Salmon Skewers With Lemony Rocket Pesto: Healthy Recipe Idea
Photo Credit: HaaralaHamilton
Our friends the Squirrel Sisters, Gracie and Sophie Tyrrell, have a new cookbook out and gave us here at Sundried a sneak-peek of one of their delicious new healthy recipes.
Their book, Naturally Delicious Snacks & Treats: Over 100 healthy recipes by Gracie and Sophie Tyrrell, published by Pavilion Books, is available now on Amazon.
Salmon Skewers Recipe
Lovely, zesty pesto goes really well with fish so long as you leave out the usual Parmesan. Try to buy the slimmer-in-width, but thicker-in-general fillets of salmon so you can get 5-6 chunky dice out of each one.

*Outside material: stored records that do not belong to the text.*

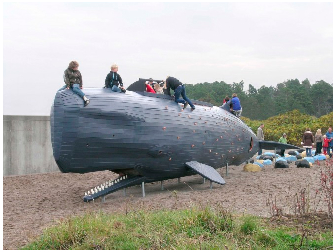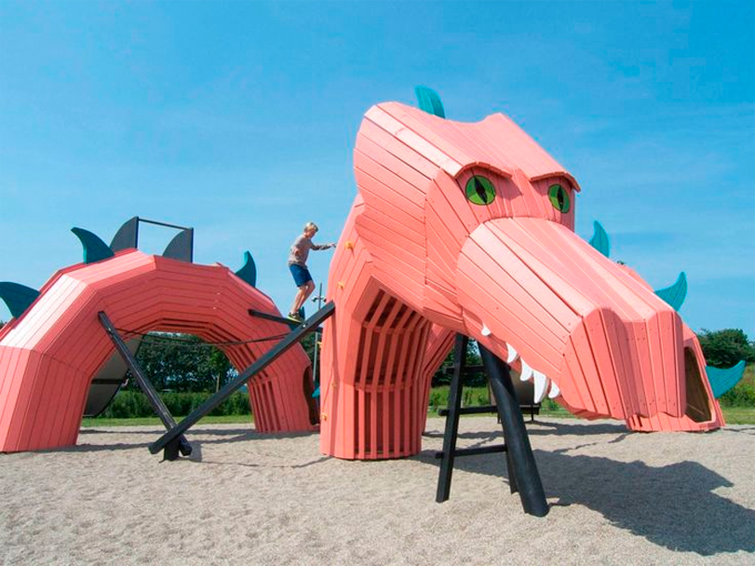El parque infantil Dragon, Mulighedernes Park, Aalborg (Dinamarca) dispone de puntos de escalada por todo el cuerpo, con recorridos fáciles y difíciles.
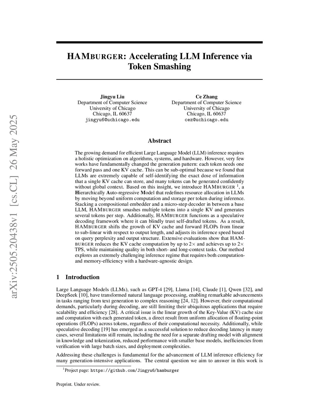 HAMburger: Accelerating LLM Inference via Token Smashing
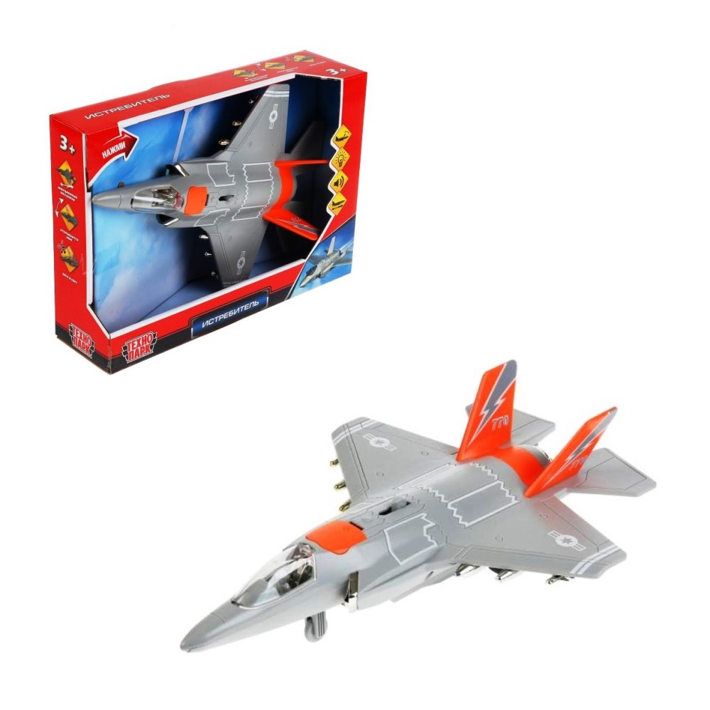 Технопарк. Самолет "Истребитель" 32см, свет+звук пластик, инерц., открыв.люк арт.WY770A-R
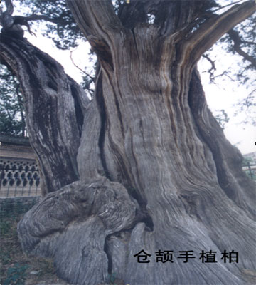 “倉頡手植柏”是廟內最古老的柏樹。此柏腰圍7.28米,根圍9.3米,高17米,林業(yè)專家斷定它足有五千年樹齡。它完全可以同“黃帝手植柏”相媲美。相傳當年倉頡選中這個墓穴后,便在此處栽植了這棵柏樹,所以叫“倉頡手植柏”。
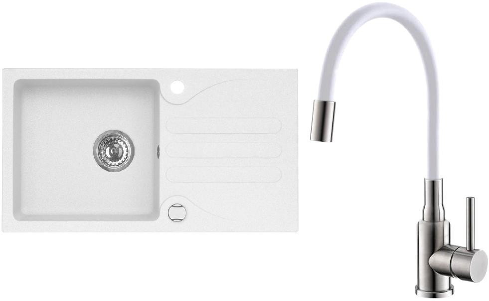 Kuchynský drez Alveus Galapagos 30 White 11. Materiál: Granit (Granital)Prevedenie: White 11. Rozmer drezu: 770 x 430 mm, - Rozmer drezovej nádoby: 380 x 370 x 150 mmMinimálna šírka drezu: 500 mm - Orient môže vpravoPrevedenie prepadu: - Prepad umiestnený vo vani drezu - Excentrické ovládanie výpuste - výpust sa zatvára a otvára otočením gombíka na dreze. - Typ výpustu: Sitkový výpust 3 1/2 - Spôsob montáže: horný, drez je usadený nad pracovnú dosku - Drez má z výroby zhotovené 2 otvory. - Do jedného otvoru si dáte batériu a do druhého excentrické ovládanie. - Kuchynská batéria Alveus Mintas biela / kefovaná oceľ, otočná tlaková (klasická batéria pre pripojenie k vodnému poriadku alebo tlakovému ohrievaču) mmMontáž do štandardného otvoru 35 mm Obsah balenia Granitový drezPríchytkyTesnenie nie je súčasťou balenia, pri granitových drezoch sa ako tesnenie používa silikónSitkový ventil 3 1/2, sifón s odbočkou na umývačkuExcentrické ovládanie výpustuDrezová batériaPripojovacie hadičkyMontážny balíček

Thinner fillets won’t hold onto the skewers quite so well.
- 2 chunky salmon fillets (about 360g)
- 8-12 cherry tomatoes
- Olive oil, for frying
For the pesto:
- 40g rocket (arugula)
- 15g cup pine nuts
- Zest of 1 small lemon
- 1 tbsp lemon juice
- 1 tsp sea salt flakes
- 3 tbsp extra-virgin olive oil
- Freshly ground black pepper
Start by making the pesto. Put the rocket, pine nuts, lemon zest and juice, sea salt flakes and olive oil in a food processor and blend until smooth. Season with black pepper and a little more salt, if wished, to taste.
Chop the salmon into 2.5–3-cm chunks and pop them in a bowl. Add half of the pesto and stir to coat the salmon well. You can leave this to marinate in the fridge if you have time, or just cook them straight away.
Thread the salmon chunks onto short skewers, alternating with the cherry tomatoes. You should get 4–6 skewers in total.
Heat a splash of olive oil in a large non- stick frying pan (skillet). Add the skewers and cook for about 10 minutes in total, turning every couple of minutes so that each of the sides gets browned.
Serve with the remaining pesto drizzled over the top.